Be near me when my light is low,
When the blood creeps and the nerves prick
And tingle; and the heart is sick,
And all the wheels of Being slow.

--------

It's been an interesting week.

I've been INCREDIBLY busy this week. A lot of homework, tests, etc. Been pretty stressed. I'm not doing that well in calculus, it seems. I need to step that up. But, every other class is pretty much okay. My review on Blueprint 3 ended up getting the shit trimmed out of it. I haven't read it, but looking at it, it looks like Camille chopped off my review's cock and balls and made it another "typical shitty review". I kinda don't blame her, but come on. Be creative.

I saw Paranormal Activity the other weekend. It was a really good movie. I've never actually been creeped out by a movie until I saw that one. It was just the subtle things, the tension that built up and was never released, the way you couldn't help but laugh at the beginning only to be scared as shit by the end. I also saw Antichrist, which was a really good movie too. In a sense, it's sort of a counter to transcendentalism, how nature is relatively evil in the eyes of Man due to its heartless sense of entropy. (That sounded a lot less pretentious in my head.) I also got to see John Carpenter's Assault on Precinct 13. It's such a cheesy movie in every regard, but it was so good. You can't help but like it.

Emma came down this weekend after all. She'd been having some family issues, so the trip down was to help sort that out as well as to see me.

I thought she was staying home until she told me Thursday night that she was coming. Picked her up at the station, then drove back to my house before going to dinner. We went to Kubo's, which is the best sushi place in town IMO. She was super tired, but she did a good job of not showing it. After that, we chilled in the park before I went and dropped her off at home. I wanted to stick around with her family, but I didn't want to distract her from seeing them, especially since it had been a while since they'd seen each other, and Emma had things to sort out with them.

Saturday, we went and chilled at her house for a few hours. Emma's youngest sister, Keren, caught the flu. She was super sick, so her mom took Keren to the doctor and kept her away the whole day. But, her sister Melody was around, so we were all just hanging around in the house. Emma's dog Joy went kinda nuts. She's half pit bull and a puppy (a BIG puppy mind you) so she's kind of energetic. Joy went and busted a plank in the fence, practically gnawing it away. It was unreal. Emma was surprised, even.

After her parents came back, Emma and I went to a thing at my church where my dad and siblings were. It was a little halloween party thing in the gym. Nothing huge, but still fun for the kids. We went trick or treating afterwards, then to Randalls to get her some food. We ended up going to her house and hanging out there until around 12:30 before I went home.

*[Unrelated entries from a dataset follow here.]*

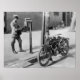 Cartero estadounidense y su motocicleta Merkel Volador. Foto antigua tomada entre 1909 y 1940.
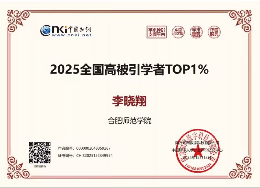 近日,中国知网中国科学文献计量评价研究中心公布了“2025中国知网高被引学者”发布名单,鸭脖官网李晓翔教授、刘经涛博士入选高被引学者名单。其中,李晓翔教授入选“2025中国知网高被引学者”Top1%名单,刘经涛博士入选“2025中国知网高被引学者”Top5%名单。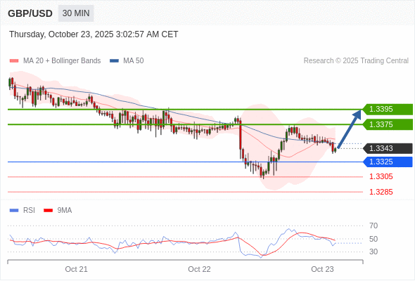 在 1.3325 之上,看涨,目标价位为 1.3375 ,然后为 1.3395 。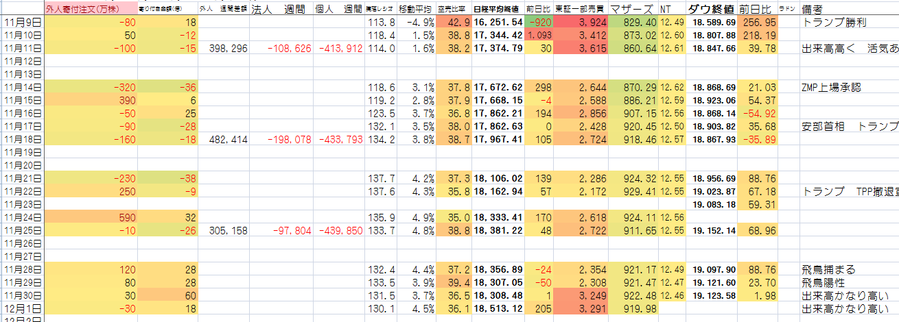 2016/12/01 - たか○さんの株式ブログ。タイトル:「更新 なんともはや・・・」 本文:これは 停滞ですね何とも言えない組み合わせ。出来高だけが光るが クライマックスというには・・・・小休止してるんかな。前週も

Sunday, we took another trip to the Godatorium. We were an hour late, but we got there in time to see the cult of personality leader himself, Joel Osteen, give a sermon. I never realized how much that church irked me until the sermon. It's the money, the intense feel-good vibe, the way it tries to absolve people of responsibility for their actions and mistakes. Maybe it's the Catholic in me that is bothered by it, but I don't think that God should feel obligated to help you one bit just because you ask him nicely. That part never made sense to me.

Anyway, went to the Godatorium, then I dropped her back off at the Greyhound station.

I love that girl so much. It's been a short time, but she and I have become incredibly close, and I've also become close to her family. I feel like, this time, things are really going to be good. I trust her, and I've learned from my mistakes in the past. She's good to me, too. She's not crazy (you can't imagine how much I've wanted to say that about someone else), and even though she feels her emotions strongly, she knows how to handle them in a mature way. We work well together. I'm happy with her.